REQUIRED WORK >> In the entries that follow, find the line containing "A warm brick" and the line containing "A股三大指数今日集体下跌,截", then retype exactly the lines from the first through the second, pictures excluded.

MATERIAL SHOWN >>
——————
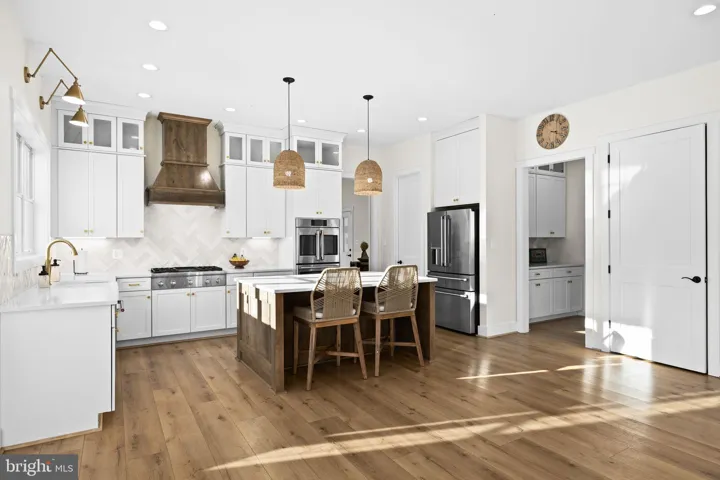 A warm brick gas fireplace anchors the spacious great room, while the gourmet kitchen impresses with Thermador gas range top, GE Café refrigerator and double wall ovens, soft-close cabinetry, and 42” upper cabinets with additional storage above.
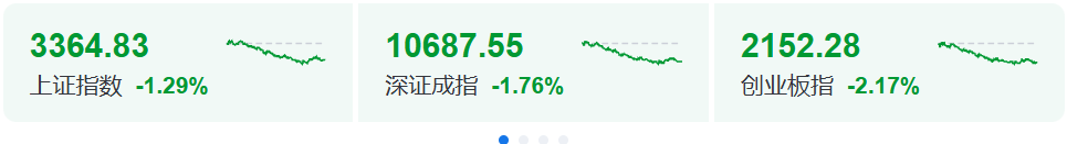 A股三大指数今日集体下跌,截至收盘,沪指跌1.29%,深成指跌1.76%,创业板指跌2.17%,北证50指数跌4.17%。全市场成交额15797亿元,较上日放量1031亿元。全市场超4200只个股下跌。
——————
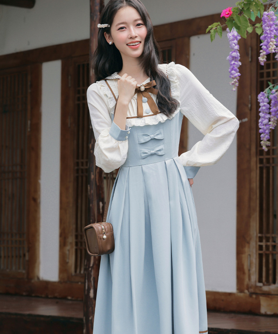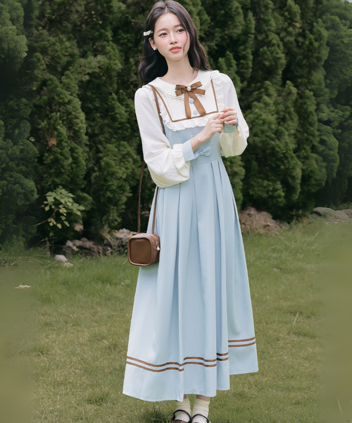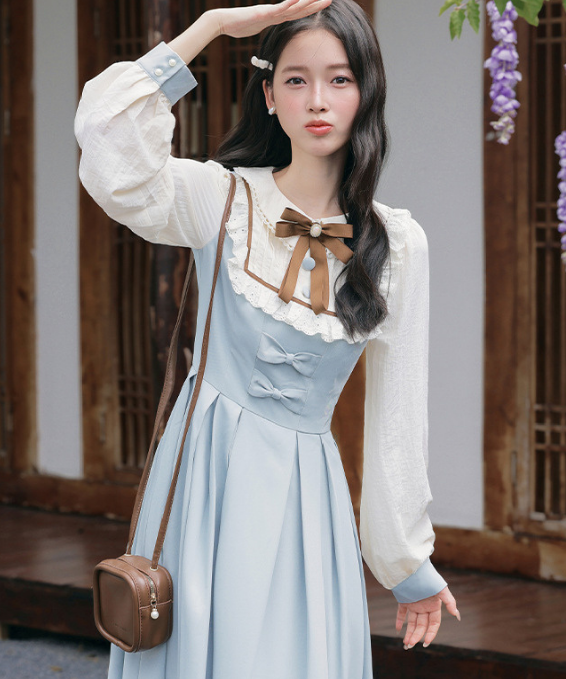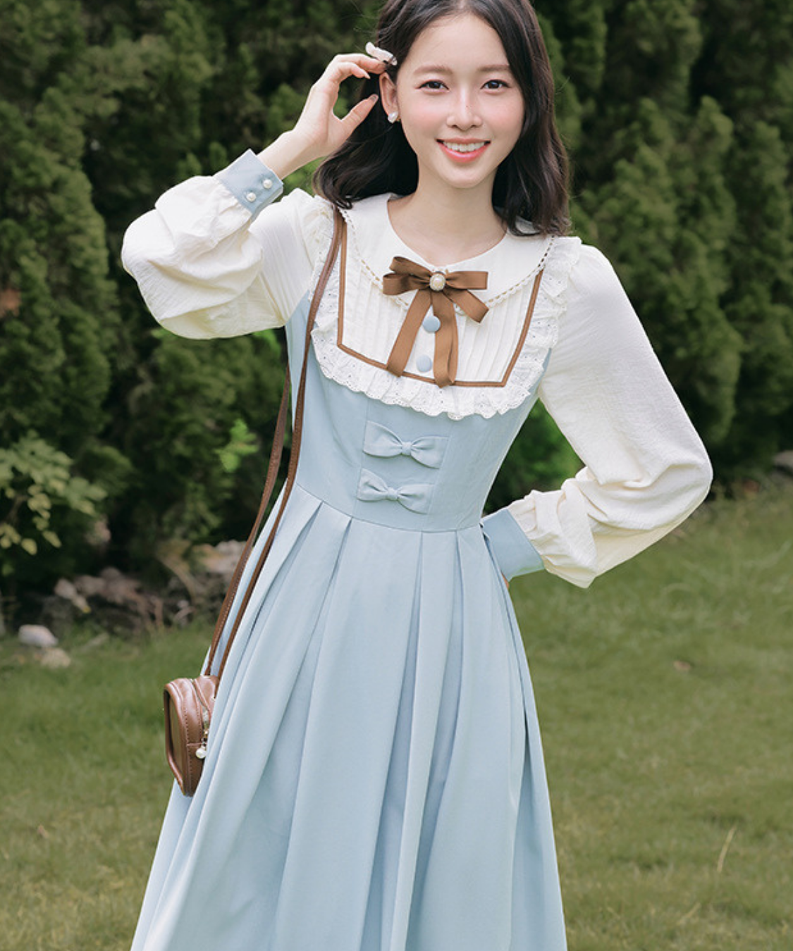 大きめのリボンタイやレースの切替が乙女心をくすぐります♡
——————
TASK OUTPUT >>
 A warm brick gas fireplace anchors the spacious great room, while the gourmet kitchen impresses with Thermador gas range top, GE Café refrigerator and double wall ovens, soft-close cabinetry, and 42” upper cabinets with additional storage above.
 A股三大指数今日集体下跌,截至收盘,沪指跌1.29%,深成指跌1.76%,创业板指跌2.17%,北证50指数跌4.17%。全市场成交额15797亿元,较上日放量1031亿元。全市场超4200只个股下跌。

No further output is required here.